Abstract

Apart from being asked about the food and weather in Africa, one of the most frequent questions I am asked as a seminary student from Ghana concerns the Christian experience in Africa, especially because many are aware of the vibrancy and growth of the church across the African continent. Indeed, because Christianity is on the rise in Africa whereas secularism is on the rise in the West, I am often asked whether there is hope for the faith in the West. Without a doubt, the answer is yes, but understanding how this is the case requires reflecting on history. After all, the most important difference between Africa and the West is the way it responded to the collapse of Christendom in the twentieth century. That is the story that must be explored if one hopes to learn from the dynamism of African Christianity.
On Good Friday, April 8, 1966, the cover page of Time magazine read, “Is God Dead?” According to Time, “the three words represent a summons to reflect on the meaning of existence.” 1 In the essay, editor John T. Elson heralded the rise of “the new atheism.” Elson drew on the religious and socio-political trends of the day, such as the jarring truth of the Holocaust, to argue for the decline in the consciousness of a personal God even among American Protestants. 2 Eighty-four years prior to this headline, Friedrich Nietzsche had opened a similar conversation in Europe with his infamous essay “Gott ist tot” (God is dead). The irony is that the West (Europe and North America), which accounted for roughly 80% of the world’s Christian population in 1900, was the face of Christianity. 3 However, after two bloody world wars largely fought by western powers it was time to clear the decks and rebuild everything. In the rebuilding, the consensus was that the Christian identity of the West was irrelevant.

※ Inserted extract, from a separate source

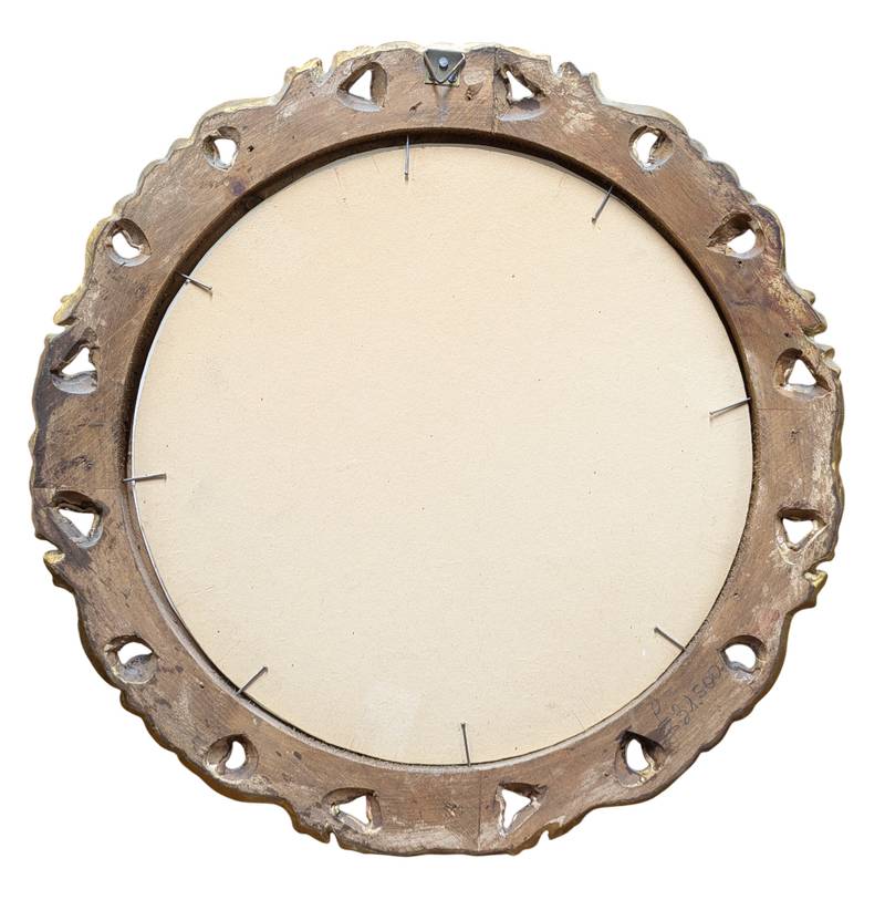 In ottime condizioni conservative come da fotografie, entro cornice rotonda scolpita e dorata con vetro.

Following this, Marxism and secularism replaced Christianity in Europe, while in North America the “Death of God” movement reflected the growing secularization of Christianity. The numbers that were attracted to these philosophies suggested that western Christianity now had formidable alternatives plunging it into a state of crisis. Commenting on the religious crisis of the 1960s in the West, Alister McGrath observes, “A new world had dawned, it was argued, and Christians would just have to bring their ideas into line with it. The message was clear: Christianity had to update itself or die. There was no shortage of those expecting the latter.” 4
From my perspective, the cultural and religious changes that took place in the West during the 1960s signaled the end of Christendom, though not necessarily Christianity. Jehu Hanciles defines Christendom as “the experience of Christianity as territorial faith and tribal religion.” 5 Under Christendom, Europe “adopted and experienced the Christian faith as custom or customary law,” and this “meant there could only be one church within the whole community.” 6 Furthermore, “the prominent role that rulers played in establishing the faith also created an intimate connection between cross and crown.” 7 The Christendom ideal “engendered strong intolerance of religious dissent and, by implication, explicit disavowal of religious plurality.” 8 Ultimately, the mass conversions and identification of Christianity with the European territory produced superficiality among adherents of the faith, leaving a weak church institution to deal with the forces of Marxism and secularism.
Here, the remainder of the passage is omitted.